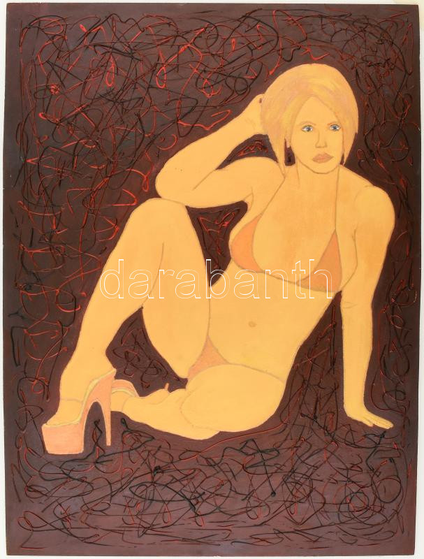 Leírás: Androméda jelzéssel: Hölgy fürdőruhában. Olaj, farost. Hátoldalán jelzett. 58x43 cm
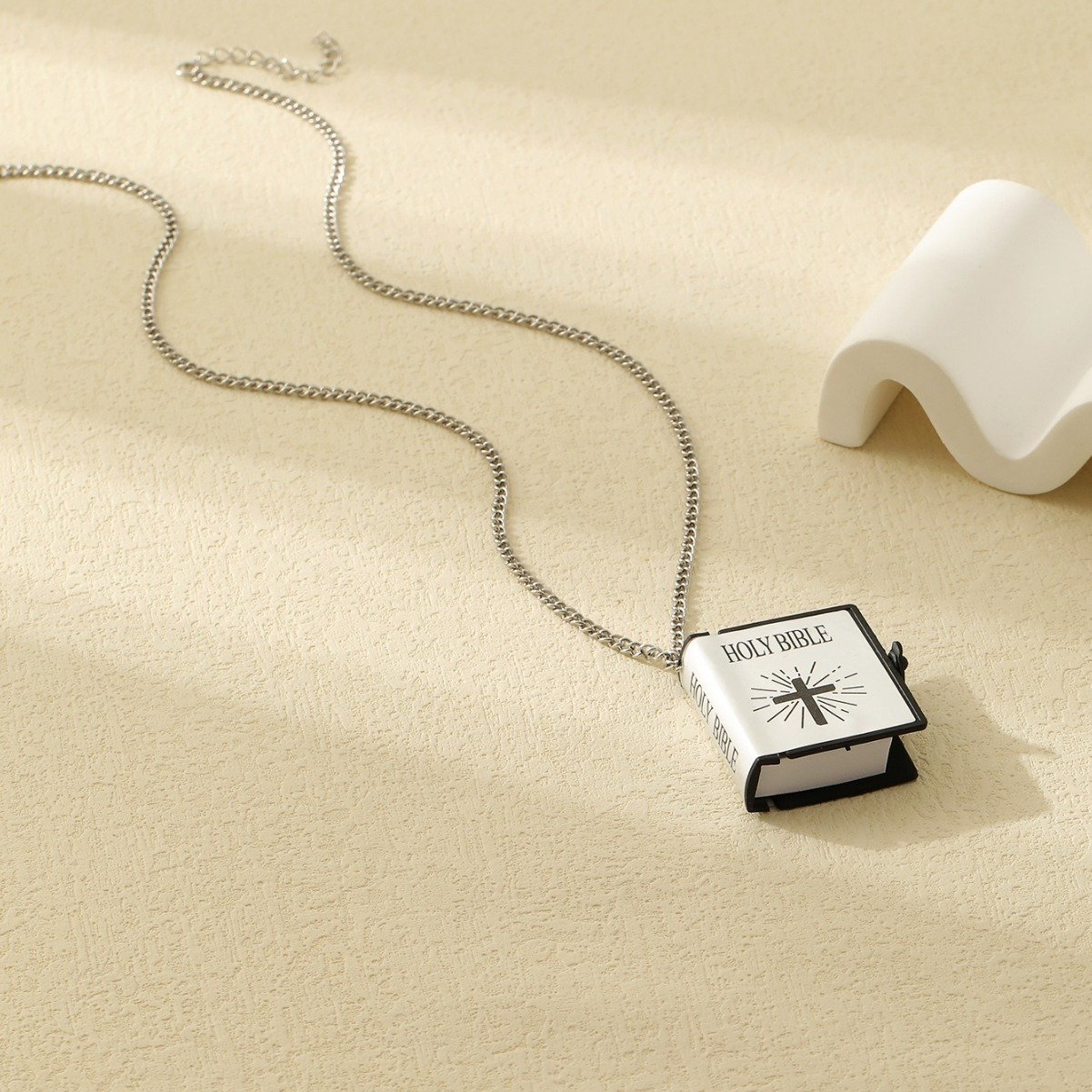 Color: gold necklace cross Bible pendant necklace one piece, silver necklace cross White Bible pendant necklace one piece, silver necklace cross black Bible pendant necklace one piece
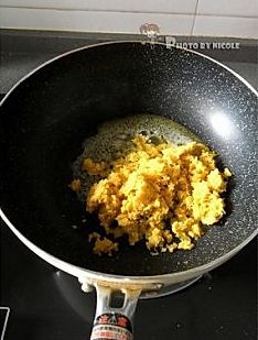 拌匀后用手搓成小粒,即为香酥粒待用;
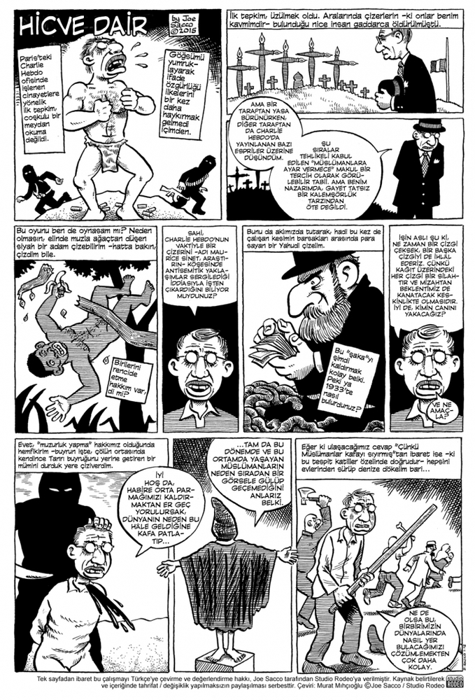Amerikalı çizgi romancı Joe Sacco, Hicve Dair eserinde olayları kendi vizyonuyla değerlendiriyor. Yaşananları normalleştirmeden, meşru kılmadan toplumları veya belirli bir meta çevresinde buluşan grupları yargılamadan önce empati kurmanın önemini vurguluyor. Dünya üzerindeki tüm insanların tek ve mutlak bir doğru çevresinde bir araya gelemeyeceğini kabul ederek herkesin anlaşabileceği daha küçük ortak doğrular üretilmeli. Ancak böyle karşılıklı anlayış yolunda adım atılabilir.
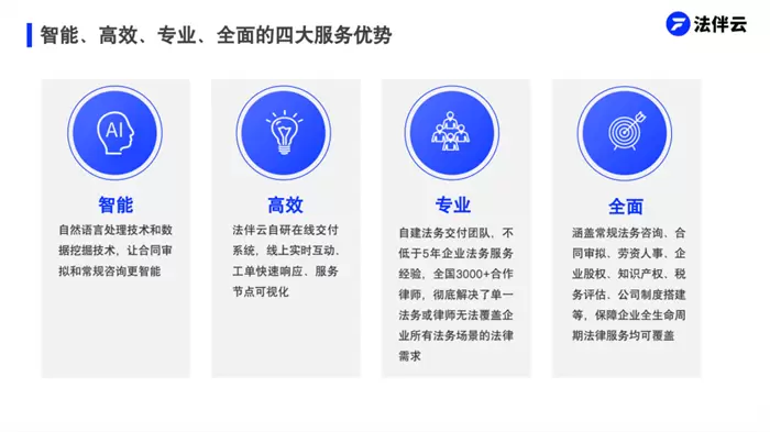在法律服务行业,法伴云给出了自己的答案。作为国内领先的企业AI数智化法务共享平台,法伴云将最前沿的科技与法律服务深度融合,为广大企业提供智能、高效、专业、全面的法律服务,不同于其他法律服务平台以解决发生问题为主,事后补救,治标不治本,法伴云在解决问题的同时,还会从根源形成事前排查、事中管控、事后补救的全流程风控系统,为企业提供全方位的法律支持和保驾护航,帮助企业应对复杂的法律事务,降低风险损失,并确保企业合规和稳步前进。正是依托其深厚的团队实力、强大的技术实力、完善的交付实力,让法伴云在一众法律服务平台中脱颖而出。
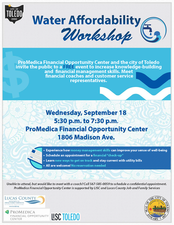 The ProMedica Financial Opportunity Center and the city of Toledo will hold a free water affordability workshop, 5:30 to 7:30 p.m., Wednesday, Sept. 18 at 1806 Madison Ave. The session will help attendees:
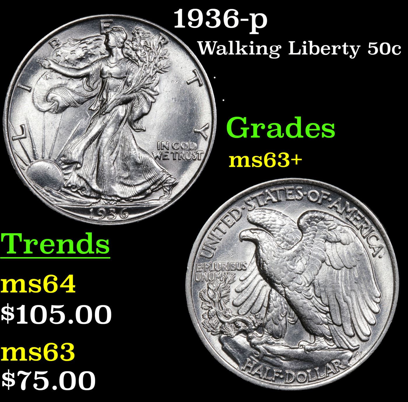 1936-p Walking Liberty Half Dollar 50c Grades Select+ Unc.
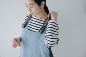 薄手のさらっとした素材感と背面の大きく開いたスリットで家事動作も着脱もスムーズなエプロン
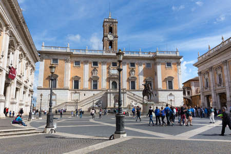 Rome. Italy - March 22, 2017: Palace of the Senators in Piazza del Campidoglio (Capitoline Square) on the Capitoline Hill, Rome, Italy.
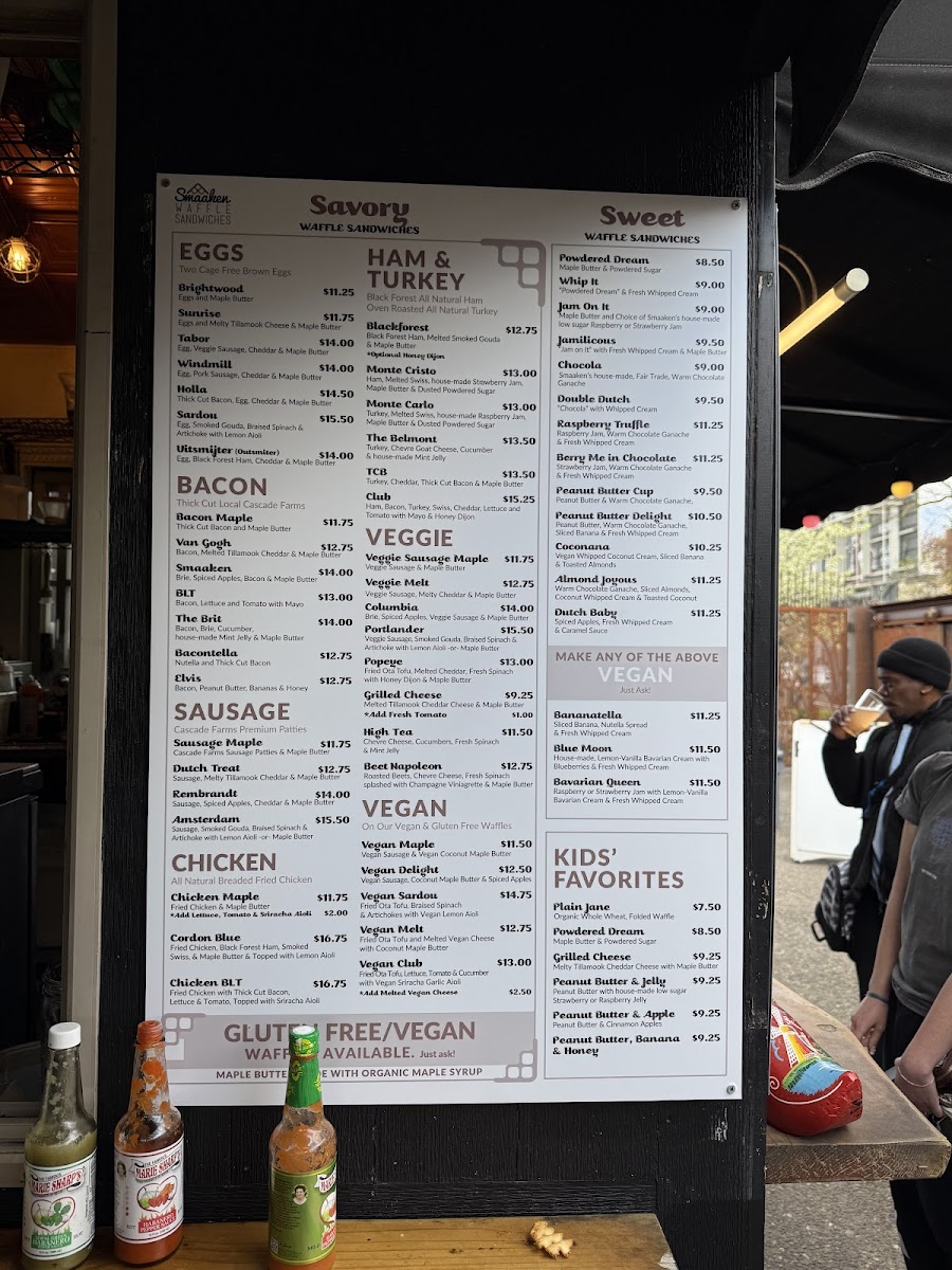 For savory dishes, the menu includes a range of sausage options accompanied by unique toppings such as melty cheddar, spiced apples, smoked gouda, and maple butter. A sweet section offers items like maple butter and powdered sugar treats, whipped cream accompaniments, housemade warm chocolate, and selections featuring jams and chocolate ganache.
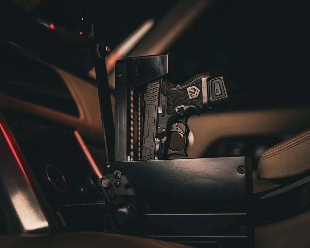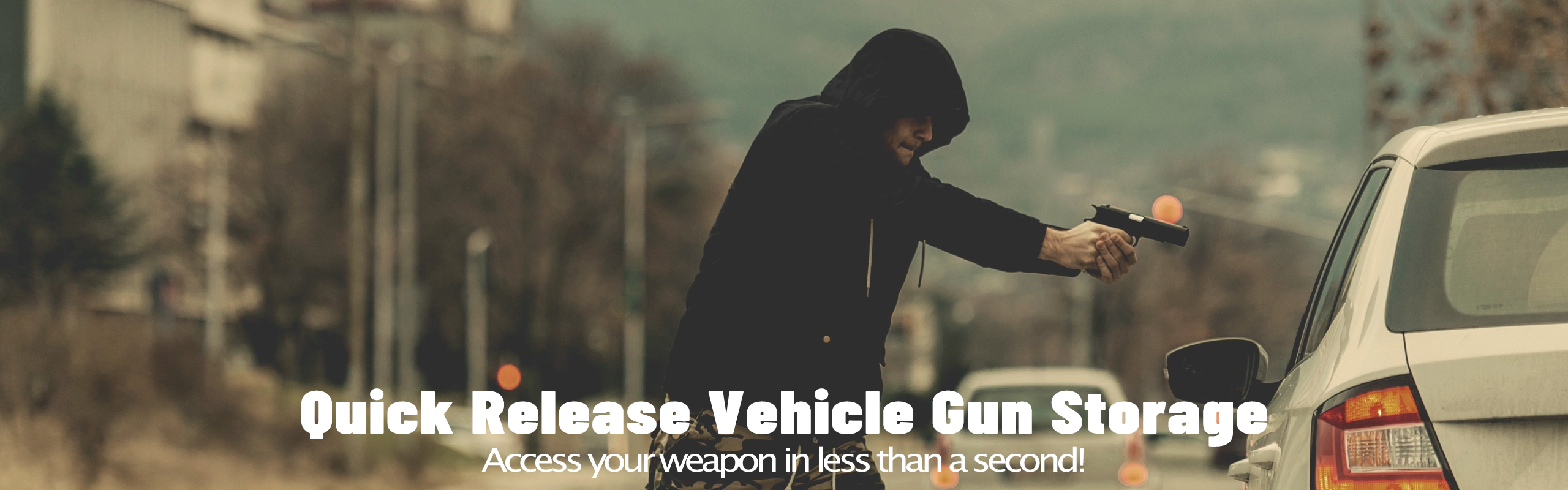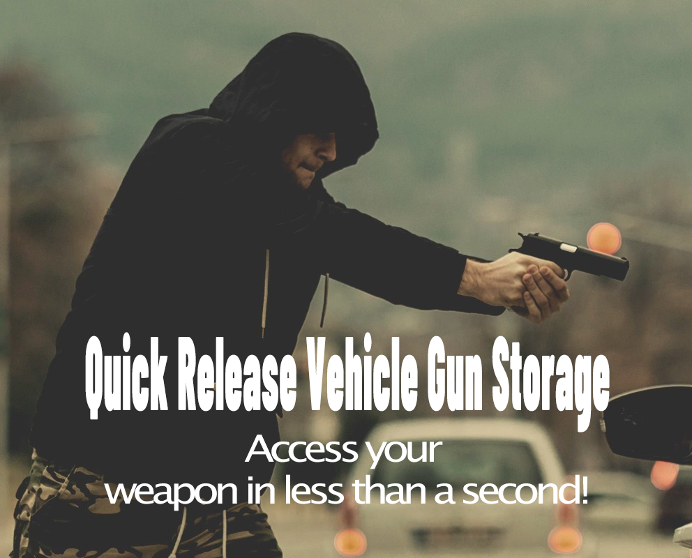 Quick Release Vehicle Gun Storage is a patented (US9340163B2; patent pending 16989722;) Quick Release Vehicle Gun Storage access system that delivers your firearm to you in a ready-to-arm yourself a position in under 1 second. Can be installed in your vehicle, ATV, and more.

## WHAT THE TASK REQUIRES
I'd like the lines above repeated exactly, from the one that contains "拌匀后用手搓成小粒,即为香酥粒待用;" through the one that contains "在法律服务行业,法伴云给出了", with no pictures.

## WRITTEN SOLUTION
 拌匀后用手搓成小粒,即为香酥粒待用;
Amerikalı çizgi romancı Joe Sacco, Hicve Dair eserinde olayları kendi vizyonuyla değerlendiriyor. Yaşananları normalleştirmeden, meşru kılmadan toplumları veya belirli bir meta çevresinde buluşan grupları yargılamadan önce empati kurmanın önemini vurguluyor. Dünya üzerindeki tüm insanların tek ve mutlak bir doğru çevresinde bir araya gelemeyeceğini kabul ederek herkesin anlaşabileceği daha küçük ortak doğrular üretilmeli. Ancak böyle karşılıklı anlayış yolunda adım atılabilir.
在法律服务行业,法伴云给出了自己的答案。作为国内领先的企业AI数智化法务共享平台,法伴云将最前沿的科技与法律服务深度融合,为广大企业提供智能、高效、专业、全面的法律服务,不同于其他法律服务平台以解决发生问题为主,事后补救,治标不治本,法伴云在解决问题的同时,还会从根源形成事前排查、事中管控、事后补救的全流程风控系统,为企业提供全方位的法律支持和保驾护航,帮助企业应对复杂的法律事务,降低风险损失,并确保企业合规和稳步前进。正是依托其深厚的团队实力、强大的技术实力、完善的交付实力,让法伴云在一众法律服务平台中脱颖而出。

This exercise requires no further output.